Why I spoke out on tribal judicial issues

Bangor Daily News by Opinion Contributor

The Maine State House is seen at sunrise on March 16, 2023, in Augusta. Credit: Robert F. Bukaty / AP

Jennifer Poirier of Skowhegan represents District 70 in the Maine House of Representatives.

In a May 9 column titled, “Harmful misinformation can’t distract from tribal progress in Maine,” Penobscot Nation Chief Kirk Francis and Ambassador Maulian Bryant said that my floor speech for LD 2007, An Act to Advance Self-determination for Wabanaki Nations, contained incorrect information. The column makes no specific reference to what part of my speech was inaccurate.

I strongly disagree that any information I presented to the House of Representatives was inaccurate and encourage readers to listen to my remarks on behalf of tribal members who have no voice in what is an important conversation. The information that I shared about deficiencies in the tribal court system derived from my conversations with tribal members who have first hand experience with the court. I shared personal stories of two tribal women who felt “unheard,” until I spoke of their experiences.
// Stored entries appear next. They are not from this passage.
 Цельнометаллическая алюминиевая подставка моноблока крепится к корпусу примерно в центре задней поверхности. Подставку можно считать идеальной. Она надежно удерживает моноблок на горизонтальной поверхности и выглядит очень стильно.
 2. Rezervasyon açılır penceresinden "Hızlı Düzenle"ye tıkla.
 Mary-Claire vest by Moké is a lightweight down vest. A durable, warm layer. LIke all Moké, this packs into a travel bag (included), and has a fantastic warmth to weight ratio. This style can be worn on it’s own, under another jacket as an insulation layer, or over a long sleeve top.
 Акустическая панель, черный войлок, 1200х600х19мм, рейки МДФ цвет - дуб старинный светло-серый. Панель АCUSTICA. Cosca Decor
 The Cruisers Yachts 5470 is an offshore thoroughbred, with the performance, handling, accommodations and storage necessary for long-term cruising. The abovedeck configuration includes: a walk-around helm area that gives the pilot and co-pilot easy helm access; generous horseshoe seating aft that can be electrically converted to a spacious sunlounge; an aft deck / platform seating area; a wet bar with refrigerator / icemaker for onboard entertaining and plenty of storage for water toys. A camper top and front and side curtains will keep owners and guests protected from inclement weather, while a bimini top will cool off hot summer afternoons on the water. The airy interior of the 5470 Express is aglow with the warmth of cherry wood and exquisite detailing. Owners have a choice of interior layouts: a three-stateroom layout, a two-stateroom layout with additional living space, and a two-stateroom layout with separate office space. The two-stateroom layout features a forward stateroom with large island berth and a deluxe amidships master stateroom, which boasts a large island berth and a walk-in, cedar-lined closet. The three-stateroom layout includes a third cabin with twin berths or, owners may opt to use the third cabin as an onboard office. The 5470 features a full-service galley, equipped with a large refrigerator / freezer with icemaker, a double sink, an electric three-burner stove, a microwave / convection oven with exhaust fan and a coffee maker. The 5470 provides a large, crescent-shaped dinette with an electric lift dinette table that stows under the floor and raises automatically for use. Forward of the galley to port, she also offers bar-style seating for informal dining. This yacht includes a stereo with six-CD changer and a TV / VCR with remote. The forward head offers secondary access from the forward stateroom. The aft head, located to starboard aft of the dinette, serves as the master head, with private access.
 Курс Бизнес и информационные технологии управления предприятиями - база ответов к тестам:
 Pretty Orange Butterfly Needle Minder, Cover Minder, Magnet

In 2022, legislation included tribes in Maine in the federal Violence Against Women Act. My speech referenced that the act is not being utilized by tribes because I was told they did not want to pay to house inmates in county correctional facilities.
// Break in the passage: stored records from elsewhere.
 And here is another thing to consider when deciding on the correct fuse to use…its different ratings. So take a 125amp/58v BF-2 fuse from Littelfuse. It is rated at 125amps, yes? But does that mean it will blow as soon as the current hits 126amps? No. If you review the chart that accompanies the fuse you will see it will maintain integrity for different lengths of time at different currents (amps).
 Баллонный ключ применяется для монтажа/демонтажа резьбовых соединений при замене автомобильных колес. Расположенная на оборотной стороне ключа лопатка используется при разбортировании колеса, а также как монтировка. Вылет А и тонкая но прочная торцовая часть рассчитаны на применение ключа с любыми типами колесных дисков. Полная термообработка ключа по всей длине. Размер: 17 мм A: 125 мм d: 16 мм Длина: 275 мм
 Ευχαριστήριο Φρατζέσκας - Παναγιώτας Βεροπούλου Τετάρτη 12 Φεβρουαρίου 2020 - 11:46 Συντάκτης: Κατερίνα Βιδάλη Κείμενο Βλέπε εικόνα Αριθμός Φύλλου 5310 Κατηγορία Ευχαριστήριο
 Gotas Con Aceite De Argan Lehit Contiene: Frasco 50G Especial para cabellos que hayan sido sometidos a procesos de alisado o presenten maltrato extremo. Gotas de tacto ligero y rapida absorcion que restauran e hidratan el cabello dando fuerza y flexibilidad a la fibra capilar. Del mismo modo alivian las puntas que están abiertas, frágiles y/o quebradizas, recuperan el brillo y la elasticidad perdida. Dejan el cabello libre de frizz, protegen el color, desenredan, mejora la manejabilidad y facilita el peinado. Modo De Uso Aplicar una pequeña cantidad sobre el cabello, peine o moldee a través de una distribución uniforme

I understand that it is uncomfortable for any person or entity to be called out on deficiencies. Positive change often requires difficult conversations. Weeks after my floor speech, a tribal member sent me the annual general meeting agenda for Penobscot Nation dated April 3. Item 13 on the agenda was “Tribal Court — Adoption of VAWA (Violence Against Women Act) 2022.” It appears that Violence Against Women Act had not yet been adopted into tribal law and will not be discussed until the June 1 meeting.
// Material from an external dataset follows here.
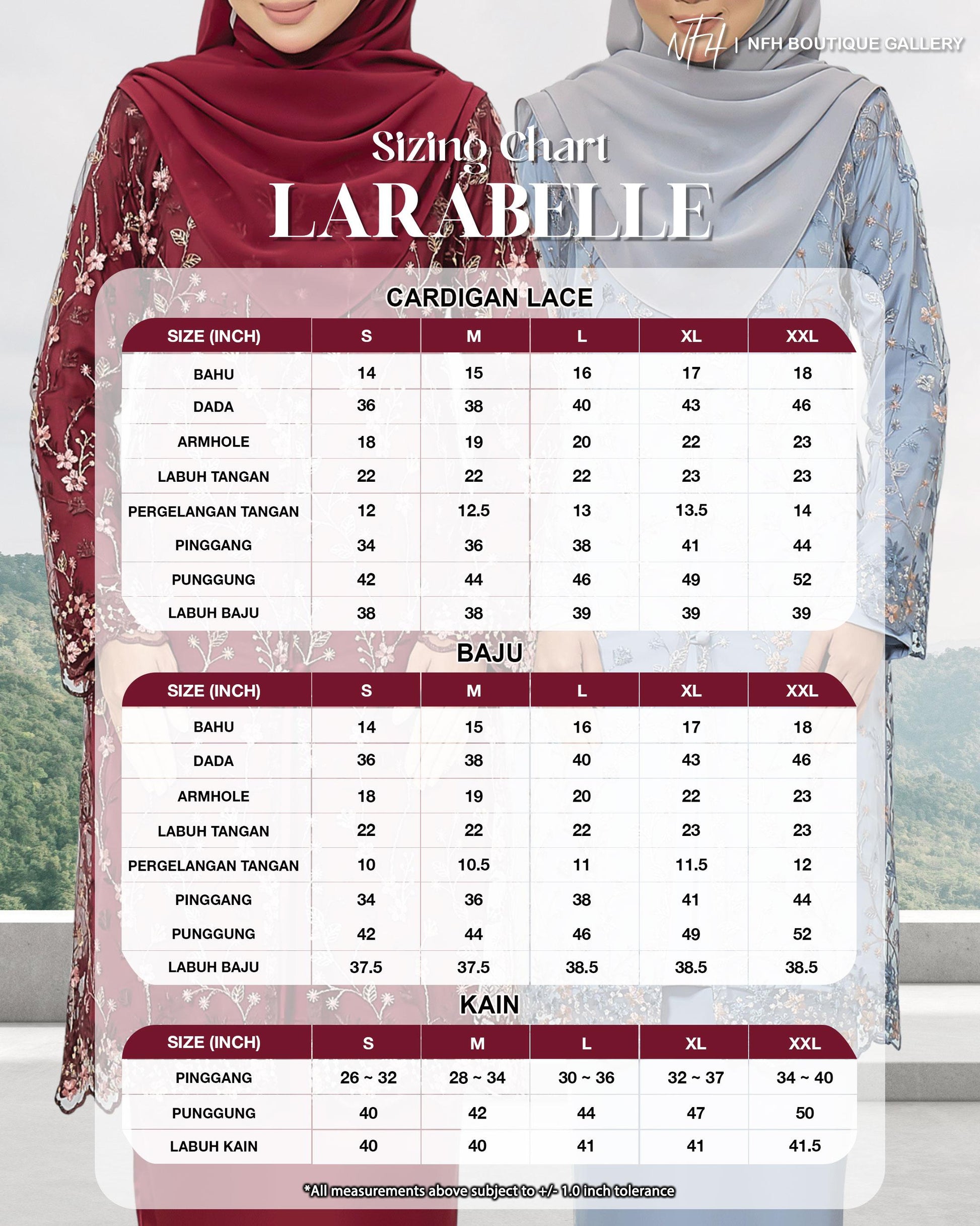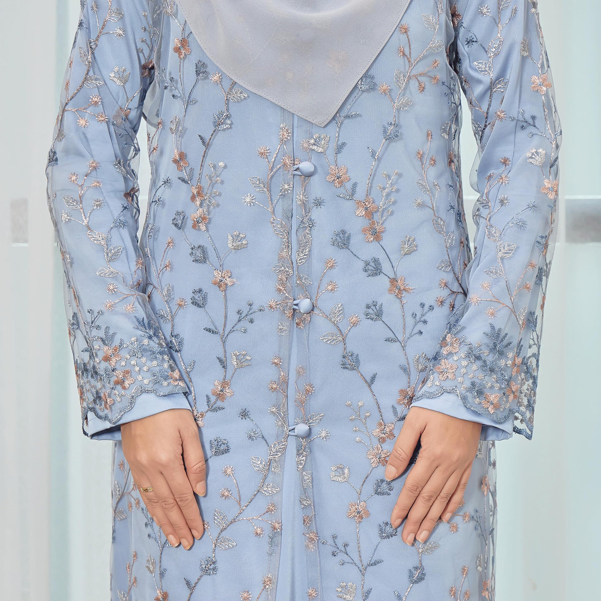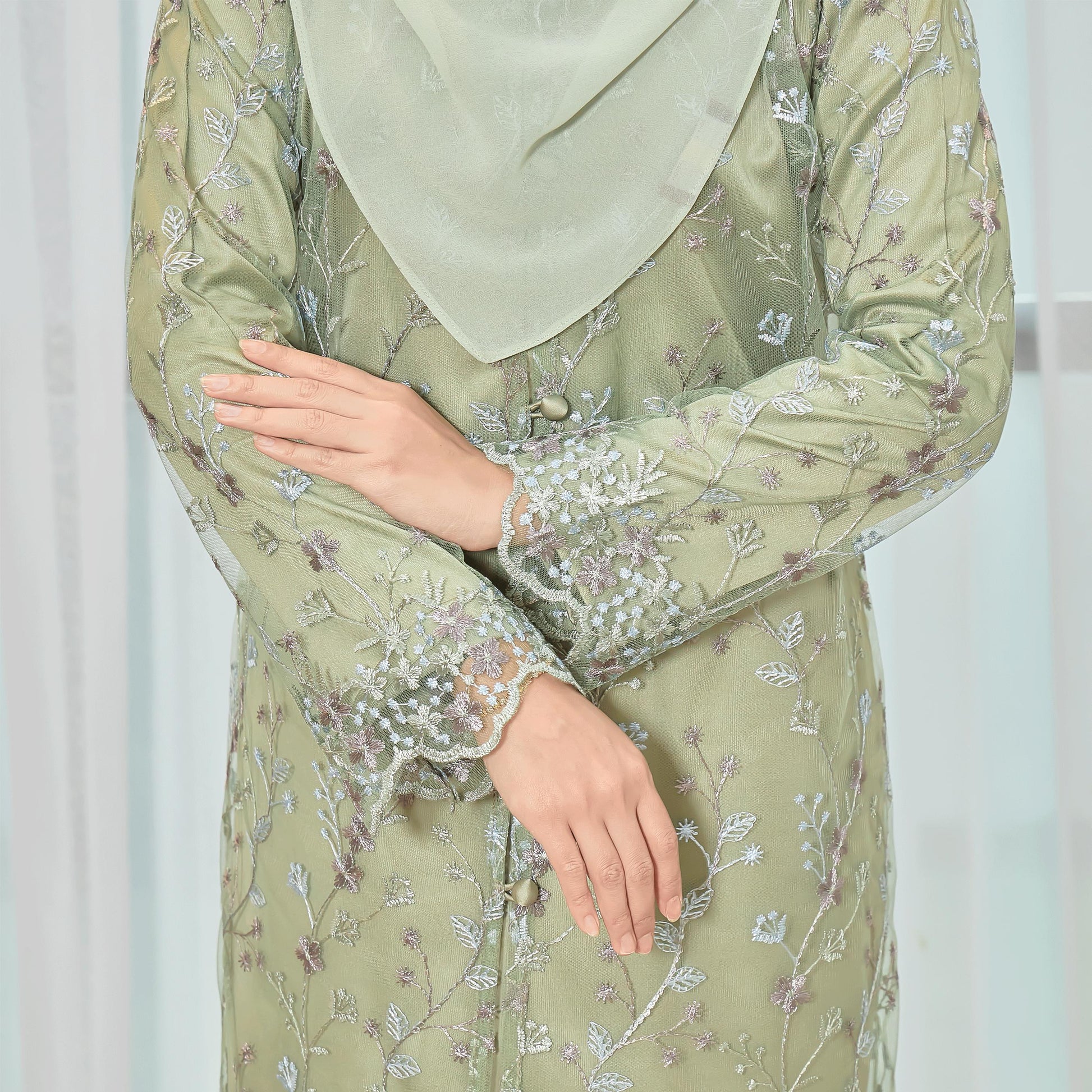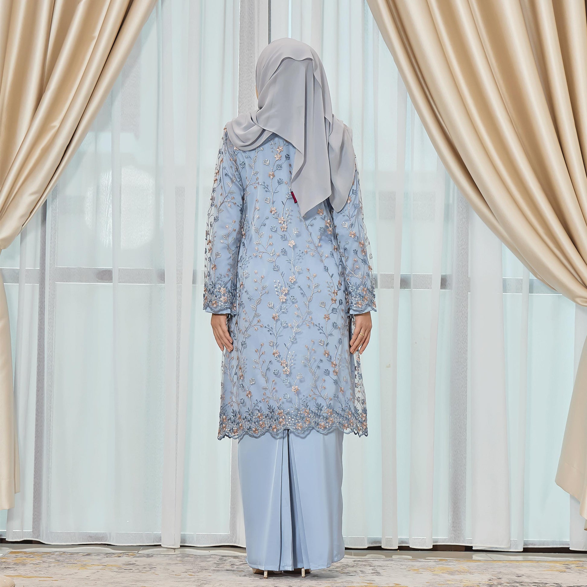 The Larabelle Kurung is made from soft Sutera Luminous fabric with a floral lace design. It has a susun belakang skirt, a chest zip for nursing, and wrist zips for easy wudhu, blending comfort with practicality.

As a state representative, I have been given a great opportunity and responsibility to serve my constituents and the people of Maine. I am passionate and earnest about this responsibility. I use due diligence and listen to information presented at committee hearings and I vigorously research the legislation before it comes to the floor of the House of Representatives for vote.

In my past two terms, I have submitted and co-sponsored bills to tribal relations. I have worked with House Speaker Rachel Talbot Ross to pass LD 78, which permitted the publication of the full Maine Constitution, including Maine treaty obligations to the tribes. I have also worked tirelessly to help the Kineo St. John Tribe gain state recognition, when even some of their tribal families have fought against them.

I realize that I cannot make everyone happy all of the time. I am committed to sharing facts and being honest about all legislation I consider. U.S. Sen. Margaret Chase Smith said it best: “The right way is not always the popular and easy way. Standing for right when it is unpopular is a true test of moral character.”

If my remarks in any way prompt positive change for tribal members without a voice in the conversation, then we have taken a step in the right direction.